Step 3: Extract Key Information

Now let's extract structured information from judgments using Gemini.

Prerequisites Check

Before continuing, ensure you have:

# Check if Google API key is set
echo $GOOGLE_API_KEY  # Should show your API key

If not set, add it to your .env file or export it:

export GOOGLE_API_KEY="your-api-key-here"

Extraction Script

Create extract_information.py:

"""Extract structured information from legal documents."""

import os
from datasets import load_dataset
from rich.console import Console
from rich.panel import Panel

from juddges.extraction import GeminiExtractionChain
from juddges.extraction.gemini_chain import DocumentType, ExtractionSchema

console = Console()

# Step 1: Initialize extraction chain
console.print("[bold blue]Initializing Gemini extraction chain...[/bold blue]")

chain = GeminiExtractionChain(
    model_name="gemini-2.5-flash",  # Fast and cost-effective
    api_key=os.getenv("GOOGLE_API_KEY"),
    temperature=0.0,  # Deterministic for consistency
    cache_path=".cache/tutorial_extraction.db",
)

console.print("[green]✓ Chain initialized[/green]")

# Step 2: Load a document
console.print("\n[bold blue]Loading document...[/bold blue]")
dataset = load_dataset("JuDDGES/pl-court-raw-sample", split="train[:1]")
document = dataset[0]

console.print(f"[green]✓ Loaded document from {document.get('court', 'Unknown')}[/green]")
console.print(f"Document length: {len(document['text'])} characters")

# Step 3: Define extraction schema
console.print("\n[bold blue]Defining extraction schema...[/bold blue]")

schema = ExtractionSchema(
    fields={
        "verdict_date": "date as ISO 8601, data wydania wyroku",
        "case_signature": "string, sygnatura sprawy",
        "court": "string, nazwa sądu",
        "judge_names": "List[string], imiona i nazwiska sędziów",
        "parties": "List[string], strony postępowania",
        "verdict": "string, treść rozstrzygnięcia",
    },
    instructions=(
        "Wyodrębnij informacje faktyczne z treści wyroku. "
        "Dla dat użyj formatu ISO 8601. "
        "Dla list uwzględnij wszystkie wymienione pozycje."
    ),
    language="polish",
)

console.print("[green]✓ Schema defined with 6 fields[/green]")

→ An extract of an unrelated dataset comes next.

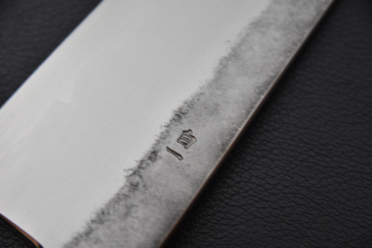 En main, les sensations sont remarquables : la lame fine glisse sans effort à travers les aliments. Forgé dans un acier traditionnel reconnu pour sa réactivité et son mordant, ce couteau conserve une netteté exceptionnelle. L’ajout d’une protection en acier inoxydable limite l’entretien, tout en gardant le caractère et l’authenticité d’un tranchant en acier au carbone. C’est un outil pensé pour durer et offrir chaque jour une expérience de coupe enthousiasmante.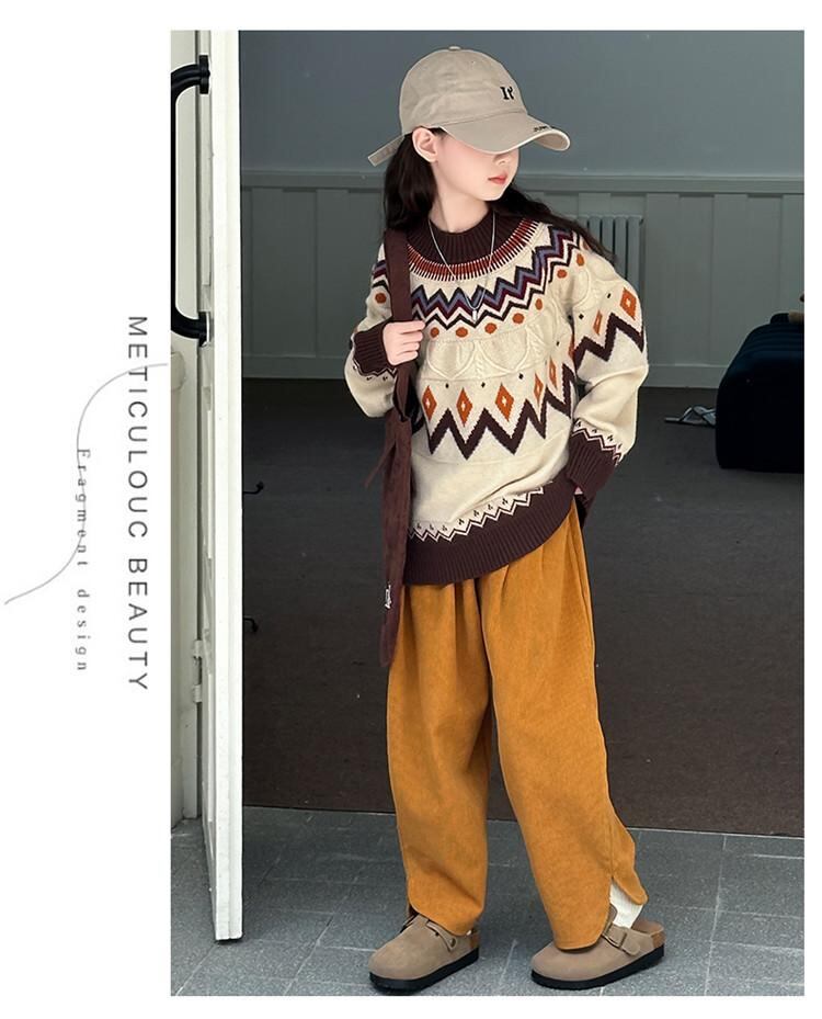 ニット セーター ガールズ 子供服 秋冬 長袖 トップス フェアアイル柄 ジャガード 暖かい 防寒 かわいい おしゃれ カジュアル 普段着 通学着

# Step 4: Extract information
console.print("\n[bold blue]Extracting information...[/bold blue]")
console.print("[yellow]This may take 5-10 seconds for the first run...[/yellow]")

try:
    result = chain.extract(
        document_type=DocumentType.JUDGMENT,
        text=document["text"],
        schema=schema,
    )

    console.print("[green]✓ Extraction complete![/green]")

    # Step 5: Display results
    console.print("\n[bold]Extracted Information:[/bold]")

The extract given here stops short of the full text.